Saved data entries
-.-.-
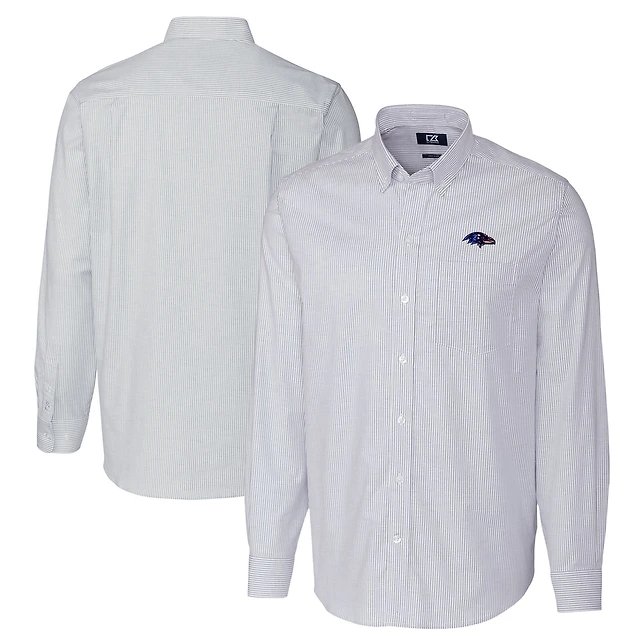 Chemise boutonnée à manches longues et rayures Oxford extensible bleu clair pour homme, modèle Cutter & Buck des Baltimore Ravens, grande taille
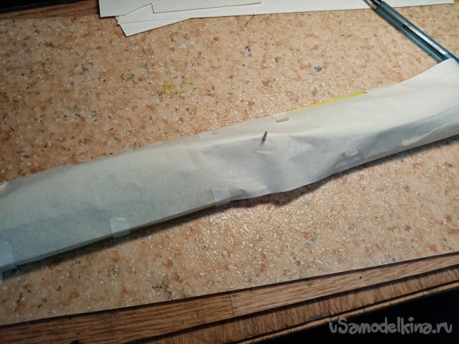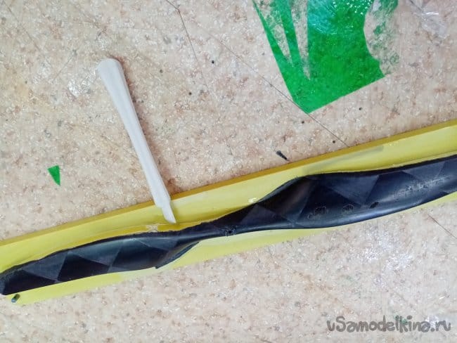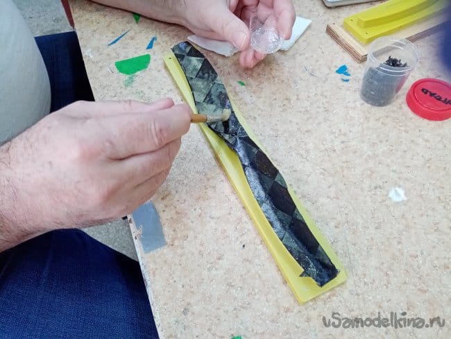 Из нарезанной трухи со смолой формируем центральное усиление.
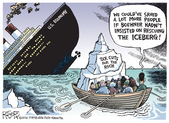 Democratic lawmakers were rightly furious when they heard about these details this week, calling the plan wholly unbalanced. But, in the end, it was Mr. Boehner who torpedoed the talks. He said Friday evening that he and the President had come close to agreeing on $800 billion of the revenue increases (the equivalent of letting the upper-income Bush tax cuts expire as scheduled next year — not much of a heavy lift) but could not stomach another $400 billion ($40Bn a year!) the White House wanted to raise through ending tax loopholes and deductions.
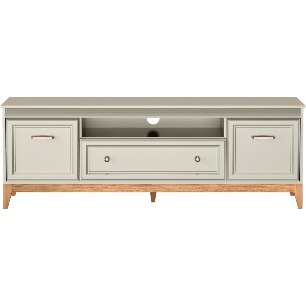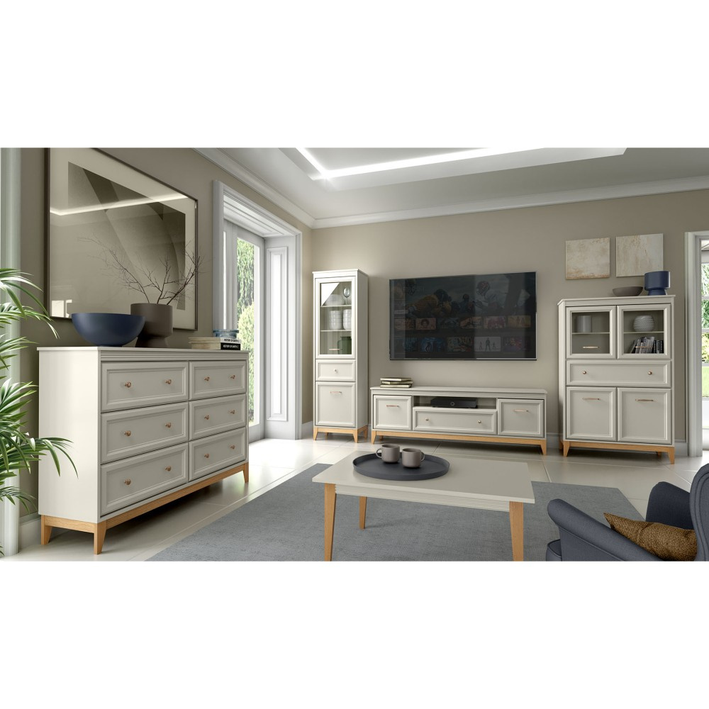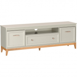 TV stolek CHARLOTT v široké verzi je perfektní volbou pro každého, kdo chce spojit velkorysý úložný prostor se stylovým designem. S rozměry 179 x 40,5 x 61,5 cm nabízí dostatek prostoru pro velké televizory, konzole, dekodéry a další audio zařízení. Dvě boční skříňky s dvířky poskytují diskrétní úložiště dokumentů a příslušenství, zatímco otevřený výklenek umožňuje rychlý přístup k vaší technologii. Středová zásuvka s funkcí tlumeného dovírání zaručuje tiché a pohodlné zavírání – den za dnem. Korpus a čela ve stylové kašmírové barvě dokonale ladí s pevnou základnou a zúženými dřevěnými nožičkami, které jsou nejen vizuálně přitažlivé, ale také zajišťují stabilitu a odolnost. Díky vysoce kvalitnímu zpracování a konstrukci z MDF se televizní stolek CHARLOTT hodí do klasických i moderních obytných prostor – stane se vkusným ústředním bodem každého zábavního centra. Rozměry: 179 Výška: 61,5 cm Hloubka: 40,5 cm Rádi bychom vás informovali, že všechny rozměry čalouněného nábytku podléhají toleranci +/- 2 %. Snažíme se zobrazit všechny barvy co nejpřesněji. Upozorňujeme však, že v důsledku nastavení monitoru a grafické karty se mohou vyskytnout drobné odchylky. Toto není důvod k reklamaci. Barvy různých sérií látek se navíc mohou mírně lišit v odstínu. Dodání je možné na adresy v rámci Německa. Nedodáváme na ostrovy ani do horských oblastí. Máme vlastní bezpečnou a rychlou přepravní službu. O datu dodání budete předem informováni.
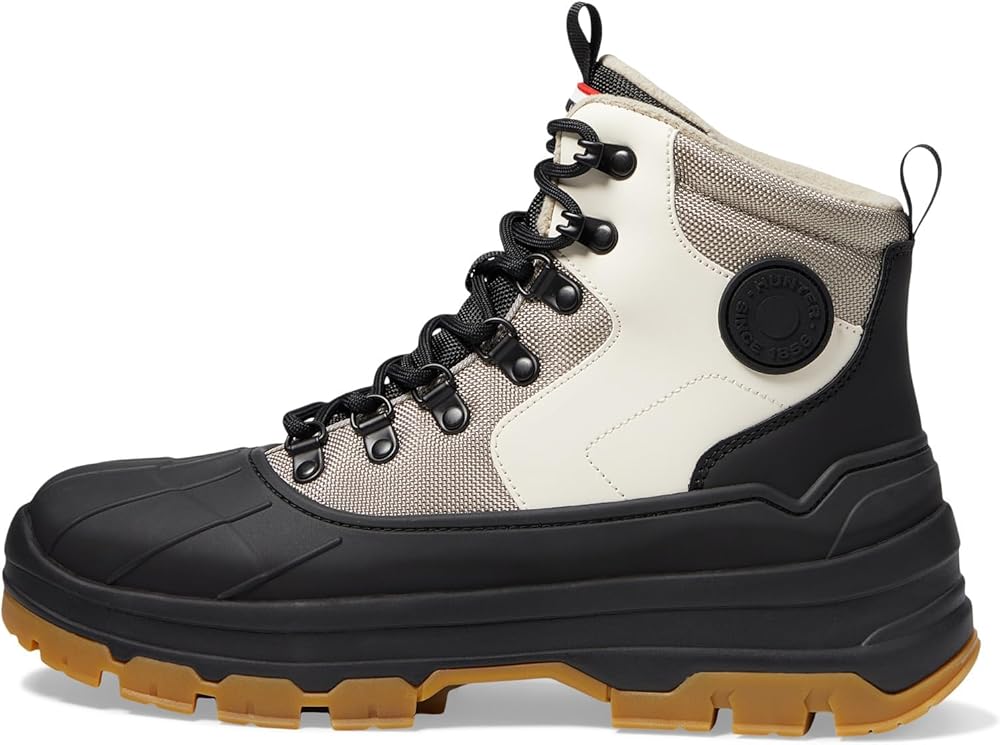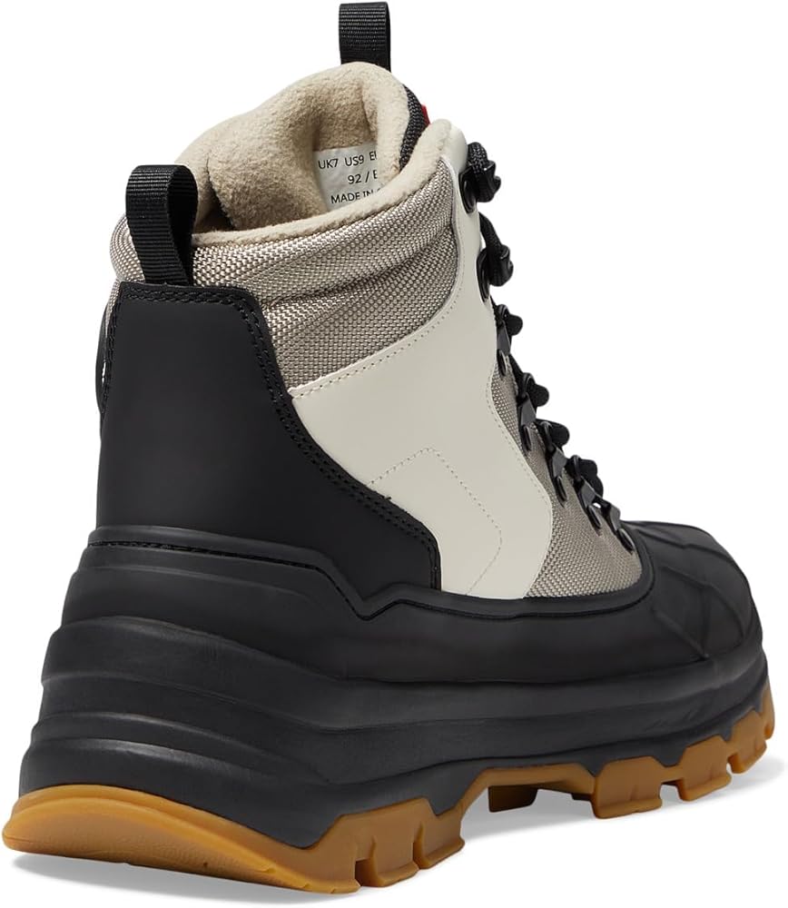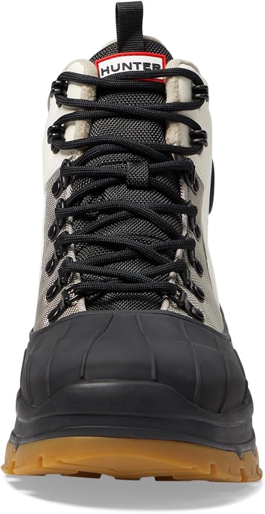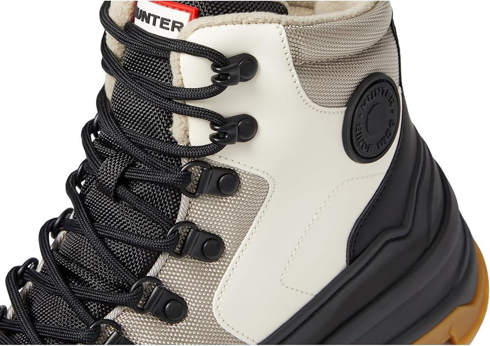 Walk the talk of the town in a new style by wearing Hunter Explorer Duck Boot. It is crafted from recycled polyester upper, lining, and insole. The round-toe boot features a lace-up closure, and pull-tabs for easy on and off. A wedge platform enhances the traction. Recycled polyester midsole. FSC rubber outsole.
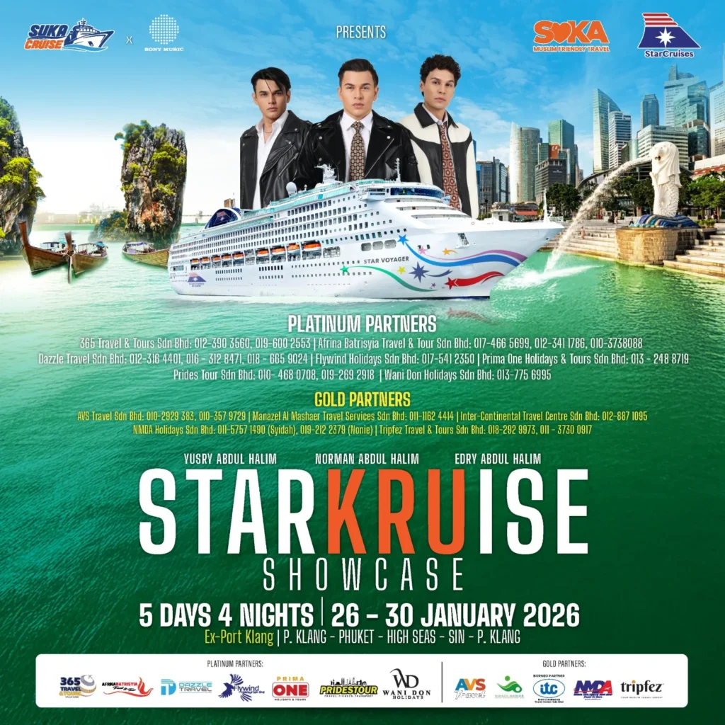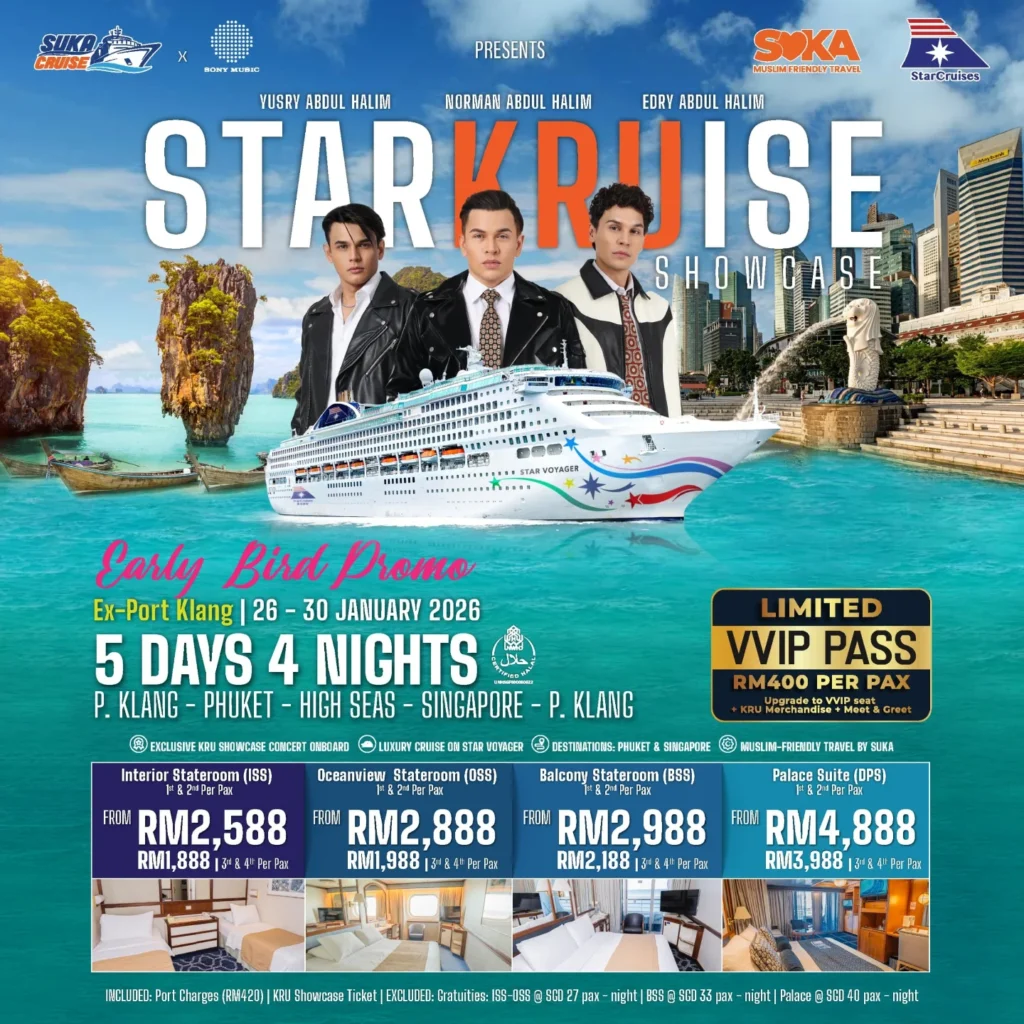 On 23rd October 2025 (Thursday), the group held a press conference to launch the Star KRUise Showcase, a unique travel and concert experience presented by SUKA Cruise, StarDream Cruise and Sony Music Malaysia that combines a cruise holiday and a KRU concert. The 5-day 4-night showcase will take place aboard the luxurious Star Voyage Cruise (SVO) in late January 2026.
-.-.-
• _WHAT YOU NEED TO DO_
Produce an exact copy of every line above, with the images left out.

• _WRITTEN SOLUTION_
 Chemise boutonnée à manches longues et rayures Oxford extensible bleu clair pour homme, modèle Cutter & Buck des Baltimore Ravens, grande taille
 Из нарезанной трухи со смолой формируем центральное усиление.
 Democratic lawmakers were rightly furious when they heard about these details this week, calling the plan wholly unbalanced. But, in the end, it was Mr. Boehner who torpedoed the talks. He said Friday evening that he and the President had come close to agreeing on $800 billion of the revenue increases (the equivalent of letting the upper-income Bush tax cuts expire as scheduled next year — not much of a heavy lift) but could not stomach another $400 billion ($40Bn a year!) the White House wanted to raise through ending tax loopholes and deductions.
 TV stolek CHARLOTT v široké verzi je perfektní volbou pro každého, kdo chce spojit velkorysý úložný prostor se stylovým designem. S rozměry 179 x 40,5 x 61,5 cm nabízí dostatek prostoru pro velké televizory, konzole, dekodéry a další audio zařízení. Dvě boční skříňky s dvířky poskytují diskrétní úložiště dokumentů a příslušenství, zatímco otevřený výklenek umožňuje rychlý přístup k vaší technologii. Středová zásuvka s funkcí tlumeného dovírání zaručuje tiché a pohodlné zavírání – den za dnem. Korpus a čela ve stylové kašmírové barvě dokonale ladí s pevnou základnou a zúženými dřevěnými nožičkami, které jsou nejen vizuálně přitažlivé, ale také zajišťují stabilitu a odolnost. Díky vysoce kvalitnímu zpracování a konstrukci z MDF se televizní stolek CHARLOTT hodí do klasických i moderních obytných prostor – stane se vkusným ústředním bodem každého zábavního centra. Rozměry: 179 Výška: 61,5 cm Hloubka: 40,5 cm Rádi bychom vás informovali, že všechny rozměry čalouněného nábytku podléhají toleranci +/- 2 %. Snažíme se zobrazit všechny barvy co nejpřesněji. Upozorňujeme však, že v důsledku nastavení monitoru a grafické karty se mohou vyskytnout drobné odchylky. Toto není důvod k reklamaci. Barvy různých sérií látek se navíc mohou mírně lišit v odstínu. Dodání je možné na adresy v rámci Německa. Nedodáváme na ostrovy ani do horských oblastí. Máme vlastní bezpečnou a rychlou přepravní službu. O datu dodání budete předem informováni.
 Walk the talk of the town in a new style by wearing Hunter Explorer Duck Boot. It is crafted from recycled polyester upper, lining, and insole. The round-toe boot features a lace-up closure, and pull-tabs for easy on and off. A wedge platform enhances the traction. Recycled polyester midsole. FSC rubber outsole.
 On 23rd October 2025 (Thursday), the group held a press conference to launch the Star KRUise Showcase, a unique travel and concert experience presented by SUKA Cruise, StarDream Cruise and Sony Music Malaysia that combines a cruise holiday and a KRU concert. The 5-day 4-night showcase will take place aboard the luxurious Star Voyage Cruise (SVO) in late January 2026.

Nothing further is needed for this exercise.